ABSTRACT: The search for cytotoxic agents from marine natural products ultimately led to the production of eribulin, which is a synthetic macrocyclic ketone analog of halichondrin B. Eribulin binds to tubulin to induce mitotic arrest and gained approval in Japan in May 2010; it was approved by the US Food and Drug Administration in November 2010 and the European Medicines Agency in March 2011 and was reimbursed by the Taiwan National Health Insurance in December 2014 for patients with metastatic breast cancer who had received at least one anthracycline and one taxane. The recommended regimen for eribulin mesylate comprises intravenous administration of 1.4 mg/m2 (equivalent to 1.23 mg/m2 eribulin) over two to five minutes on days 1 and 8 of a three-week cycle. Since 2011, various clinical investigations of eribulin monotherapy with dose or schedule modifications, combined use with other antineoplastic therapeutics, or head-to-head comparisons with specific agents have been performed in the management of advanced breast cancer. Ethnic-specific data from Japan and Korea indicate higher rates (>85%) of grade 3 or 4 neutropenia.

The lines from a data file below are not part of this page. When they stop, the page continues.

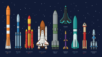Space Launch Vehicle Comparison Vector – Falcon 9, Saturn V, Soyuz, Ariane 5, Shuttle, Long March, Delta IV, Electron, New Shepard, SpaceShipTwo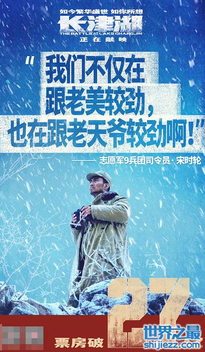 也难怪观众会对这部影片期待值拉满,从预售破1亿票房到现在开播仅三天就突破10亿票房,当下破27亿,《长津湖》成为一部口碑和票房全线开花的良心之作,志愿军们那些令人热泪盈眶的故事从此不再被孤零零掩埋在异乡的冰雪里。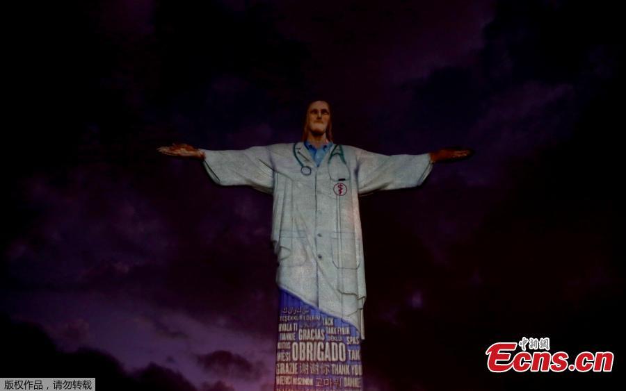 A estátua do Cristo Redentor é iluminada com a imagem de um médico e a palavra "obrigado" em diferentes idiomas.

Some anecdotal evidence suggests that eribulin can shrink brain and retinal metastases, which warrants further detailed studies. In this review, current observations of the effects of eribulin monotherapy are summarized and eribulin-backbone combination (bio-) chemotherapy is investigated.
KEYWORDS: eribulin, metastatic breast cancer, triple-negative breast cancer, chemotherapy, medical oncology
CITATION: Kok. Eribulin in the Management of Advanced Breast Cancer: Implications of Current Research Findings. Breast Cancer: Basic and Clinical Research 2015:9 109–115 doi:10.4137/BCBCR.S32787.
RECEIVED: October 20, 2015. RESUBMITTED: November 22, 2015. ACCEPTED FOR PUBLICATION: November 24, 2015.
ACADEMIC EDITOR: Goberdhan P. Dimri, Editor in Chief
PEER REVIEW: Four peer reviewers contributed to the peer review report. Reviewers’ reports totaled 1246 words, excluding any confidential comments to the academic editor.
FUNDING: Author discloses no external funding sources.
COMPETING INTERESTS: Author discloses no potential conflicts of interest. COPYRIGHT: © the authors, publisher and licensee Libertas Academica Limited. This is an open-access article distributed under the terms of the Creative Commons CC-BY-NC 3.0 License.
CORRESPONDENCE: [email protected] Paper subject to independent expert blind peer review. All editorial decisions made by independent academic editor. Upon submission manuscript was subject to anti-plagiarism scanning. Prior to publication all authors have given signed confirmation of agreement to article publication and compliance with all applicable ethical and legal requirements, including the accuracy of author and contributor information, disclosure of competing interests and funding sources, compliance with ethical requirements relating to human and animal study participants, and compliance with any copyright requirements of third parties. This journal is a member of the Committee on Publication Ethics (COPE). Provenance: the author was invited to submit this paper.
Published by Libertas Academica.
Extensive research has been performed to isolate candidate new-generation antineoplastic cytotoxic drugs from marine natural products, including sponges and sea squirts.1,2 Among numerous sponge-derived cytotoxic compounds, only cytarabine and eribulin have received approval for clinical use. Although the former drug has been extensively used for the treatment of hematologic malignancies for decades, eribulin only gained approval in Japan in May 2010;3 it was approved by the US Food and Drug Administration (FDA) in November 20104 and the European Medicines Agency (EMA) in March 2011.5 The drug has only been reimbursed by the Taiwan National Health Insurance since December 2014 for patients with locally advanced or metastatic breast cancer who had received at least an anthracycline and a taxane.
Eribulin is a completely synthetic macrocyclic ketone analog of halichondrin B, which was initially isolated from the Japanese sponge Halichondria okadai in 1986 by Uemura and Hirata.6 In 1991, Pettit et al subsequently reported the isolation of halichondrin B from the Western Pacific marine sponge Axinella sp.7 Eribulin binds to tubulin and microtubules, inducing mitotic arrest and cell death. Moreover, eribulin exhibited growth inhibitory effects on stem cells (CD44/CD24/epithelial cell adhesion molecule) of both estrogen receptor (ER)-positive and ER-negative cell lines,8 warranting further research into these anticancer stem cell properties.
During the past four years, the therapeutic effects and adversities of eribulin monotherapy and eribulin-based combination therapies have been investigated in numerous studies. Hitherto, the purpose of this review is to assimilate all the relevant information from this literature to form the background knowledge for the incorporation of this agent into the current anti-breast cancer armamentarium.